Under the U.S. territory’s law, investors could apply for certain capital-gains tax exemptions if they realized their investment profits after becoming residents of Puerto Rico.
On Friday, Gajwani, 78, admitted that he wasn’t a resident of Puerto Rico when he made the huge Tesla stock profits, as he pleaded guilty in Miami federal court to making a false and fraudulent statement to the IRS on his investment company’s tax return in 2019.
Gajwani faces between six months and one year in prison at his sentencing on Aug. 30 before U.S. District Judge Cecilia Altonaga. As part of his plea deal, he has agreed to repay about $15.3 million to the Internal Revenue Service, including $7 million in capital gains taxes owed in 2019, plus interest and penalties.
Gajwani formed his investment company, Nimco II Corp., in July 2018. At his plea hearing, Gajwani admitted that he obtained advice from an accountant to convert it from a “C” corporation to an “S” corporation to limit his capital gains taxes after he made millions off his investment in the electric-car company’s stock the following year.

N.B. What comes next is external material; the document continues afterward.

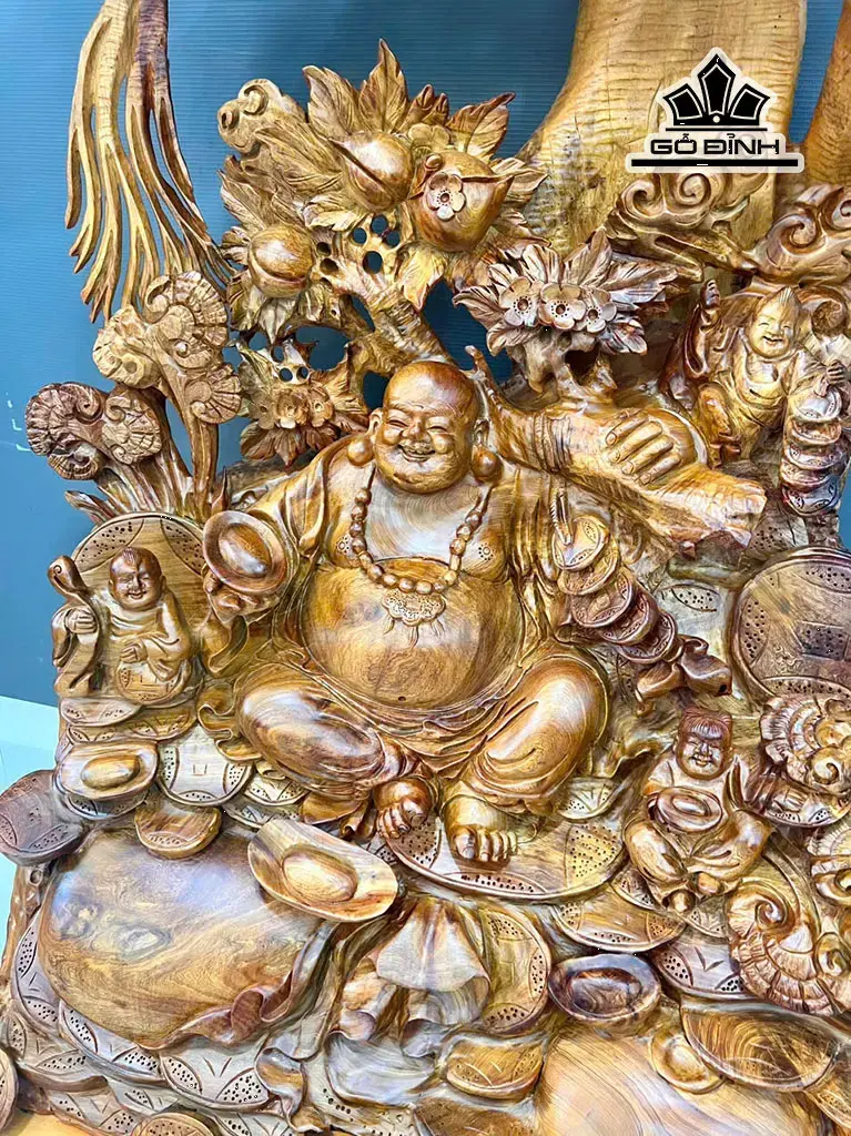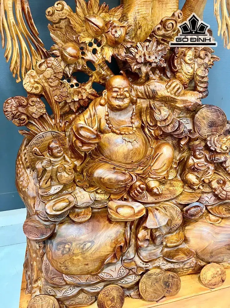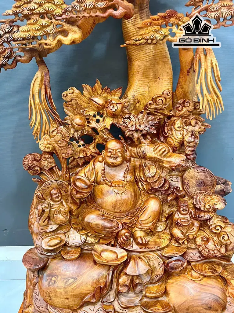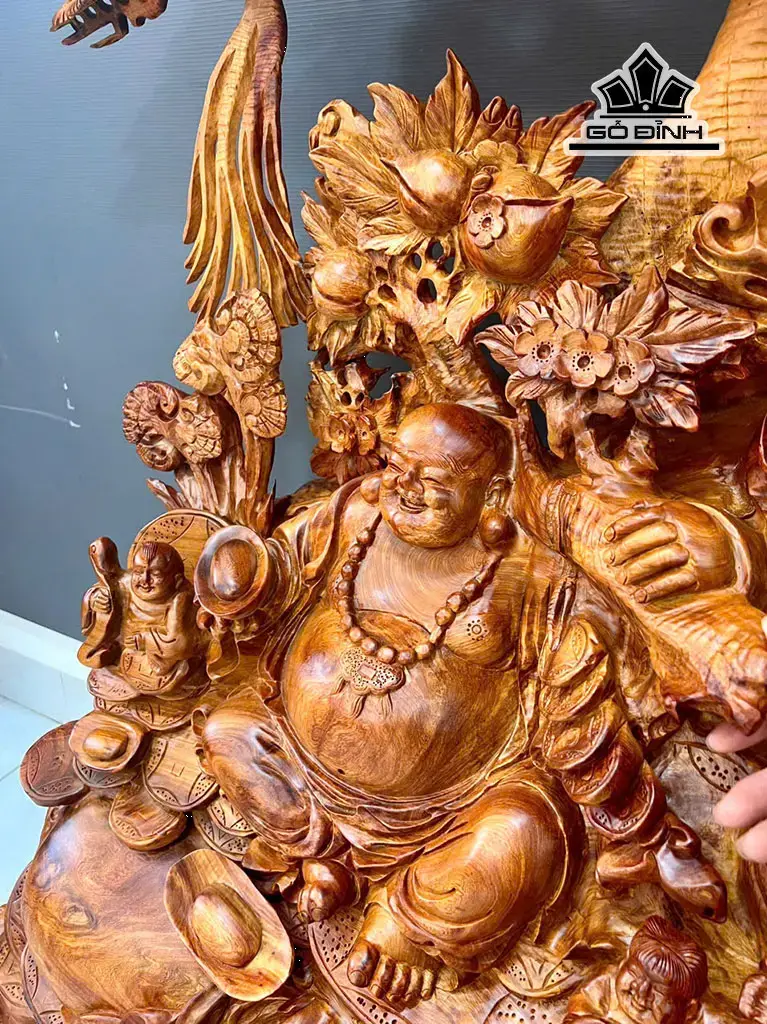 Tượng Phật Di Lặc Tam Phúc Gỗ Hương Cao 160 Ngang 80 Sâu 52 (cm)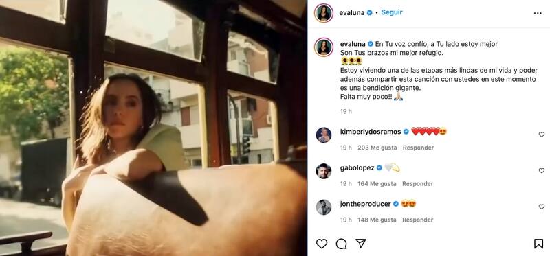 En las imágenes, se ve a Evaluna como única pasajera de un tranvía que circula por la ciudad de Buenos Aires. Acompañó el clip de un mensaje en cuyas primeras líneas compartió unos versos del nuevo tema que todavía no tiene fecha de lanzamiento: "En tu voz confío, a tu lado estoy mejor, son tus brazos mi mejor refugio".

The accountant, who is not identified in court records, advised Gajwani to make the corporate conversion so it could qualify for Puerto Rico’s capital-gains tax exemption, according to prosecutors with the U.S. Attorney’s Office in Miami. But the accountant “falsely and fraudulently represented” on an IRS form that Gajwani’s company, Nimco, made the corporate conversion on Jan. 1, 2019 — a full year before the investor moved from Miami to Puerto Rico.
In his guilty plea, Gajwani admitted that he signed the IRS form showing he changed the corporate status of his company, Nimco, with the false retroactive date of Jan. 1, 2019. He submitted the form to the IRS in late January 2020, and the tax agency approved the corporate conversion with the falsified retroactive date.
At the same time, Gajwani obtained an opinion letter from an unidentified attorney saying that his converted corporation could be sourced to Puerto Rico and exempt from capital gains on the Tesla stock even if the profits were made before he became a resident of the U.S. territory.
“IRS senior representatives later advised [the attorney] that both positions in his opinion letter were wrong,” according to a charging document filed by federal prosecutor Michael Berger.
“As a result of the improper conversion of Nimco, Gajwani did not pay taxes due and owing on the capital gains realized” from his Tesla stock investments in 2019.